Exercise directions: Every line below between the line holding "Take 'm·v·r' : 'm'" and the line holding "Le manteau de", inclusive, should be repeated exactly, and all other lines omitted.

Top of Stored data

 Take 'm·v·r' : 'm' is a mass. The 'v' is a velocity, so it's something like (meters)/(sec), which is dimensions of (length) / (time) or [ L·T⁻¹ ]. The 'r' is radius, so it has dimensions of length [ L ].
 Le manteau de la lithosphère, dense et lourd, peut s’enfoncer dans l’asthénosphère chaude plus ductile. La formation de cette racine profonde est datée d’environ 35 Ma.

Bottom of Stored data
Top of Stored data

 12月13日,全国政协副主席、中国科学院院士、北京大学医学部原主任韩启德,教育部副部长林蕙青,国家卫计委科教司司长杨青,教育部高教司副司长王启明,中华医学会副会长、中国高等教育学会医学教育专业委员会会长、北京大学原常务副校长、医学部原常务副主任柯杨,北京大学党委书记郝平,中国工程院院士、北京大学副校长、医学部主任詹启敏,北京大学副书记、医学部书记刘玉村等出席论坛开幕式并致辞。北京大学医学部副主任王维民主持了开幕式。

Bottom of Stored data

Written response:
 Take 'm·v·r' : 'm' is a mass. The 'v' is a velocity, so it's something like (meters)/(sec), which is dimensions of (length) / (time) or [ L·T⁻¹ ]. The 'r' is radius, so it has dimensions of length [ L ].
 Le manteau de la lithosphère, dense et lourd, peut s’enfoncer dans l’asthénosphère chaude plus ductile. La formation de cette racine profonde est datée d’environ 35 Ma.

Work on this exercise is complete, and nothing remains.